VideoAdAgent Bench v1

📄 Technical report creatify-ai/VABench

VideoAdAgent Bench is an open evaluation for AI agents that produce video ads end-to-end. Today's strongest video models — Veo 3.1, Kling 3.0, Seedance 2.0 — generate stunning short clips, but a clip is not an ad. The right test is whether a creative director would ship the output: brand-consistent product framing, narrative arc, persona casting, audio cohesion, on-screen typography. We built this benchmark to measure that gap directly, graded by the same rubric our team uses to ship ads in production.

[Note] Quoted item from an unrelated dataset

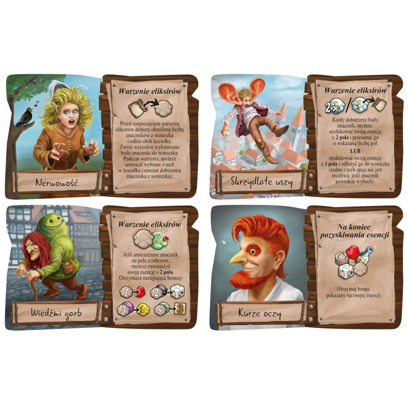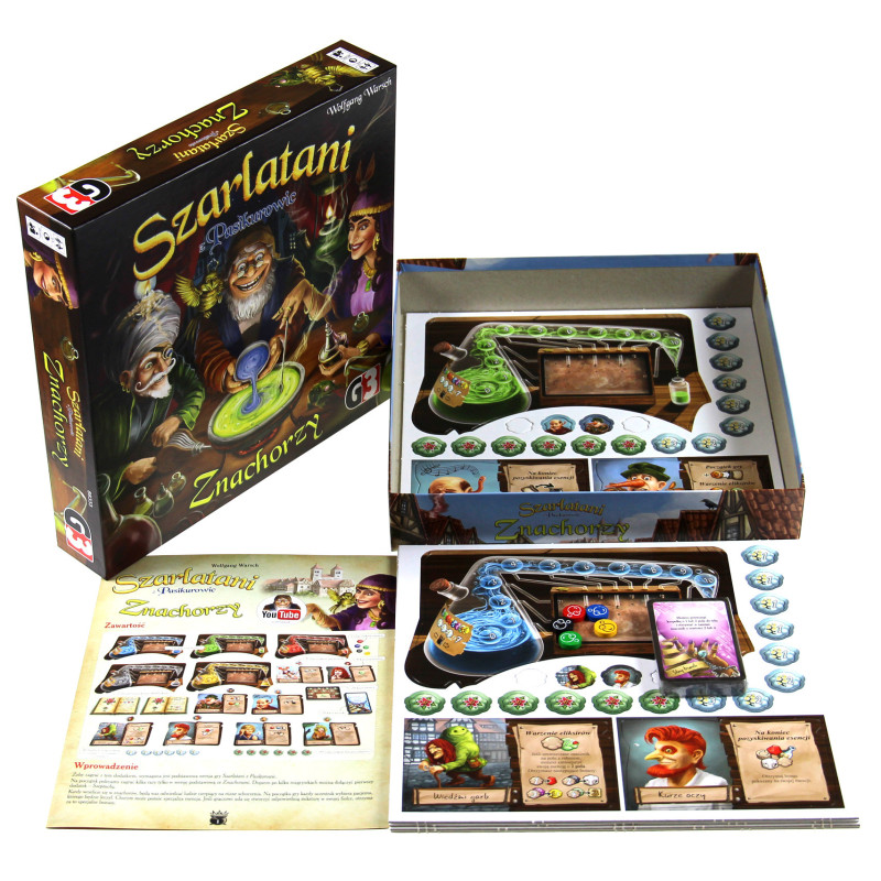 ZAWARTOŚĆ: 8 kart pacjentów 8 znaczników pacjentów 5 fiolek znachora 30 znaczników kwiatu paproci 40 białych znaczników składników 2 dwustronne księgi składników 20 kart esencji 20 kart wróżki 5 znaczników esencji instrukcja

Across the head-to-head ad-quality pairings, Creatify Agent · Pro mode wins 95% of pairs vs raw foundation-model baselines (both single-scene and multi-scene) and 85% vs competing agents, scores a clean 1.90 on the production hallucination rubric (vs Lite 2.85, Luma 3.20, raw foundation-model multi-scene 3.65–3.85, HeyGen 4.40), and posts the highest production-quality score (0.990) in the field. Both Creatify tiers rank #1 and #2 on the composite leaderboard.

Creatify Agent + every shipping competitor · 3 evaluation arms (Agent vs Agent, Ad Quality, Production Quality) · multi-judge pairwise (Claude Opus 4.7 + GPT-5, position-swap stable consensus) · 15-frame hallucination & visual-defect scoring (Claude Opus 4.7 vision) · deterministic structural compliance (duration, aspect, audio, on-screen text via OCR).

Top composite

0.901

Creatify Agent · Pro mode · blend of all three evaluation arms

Arm 1 — Agent vs Agent

87%

Pro mode head-to-head win-rate vs HeyGen V3 and Luma

Arm 2 — Ad Quality

95%

Pro mode head-to-head win-rate vs multi-scene foundation-model baselines

Arm 3 — Production Quality

0.855

Pro mode production score (structural compliance + hallucination score)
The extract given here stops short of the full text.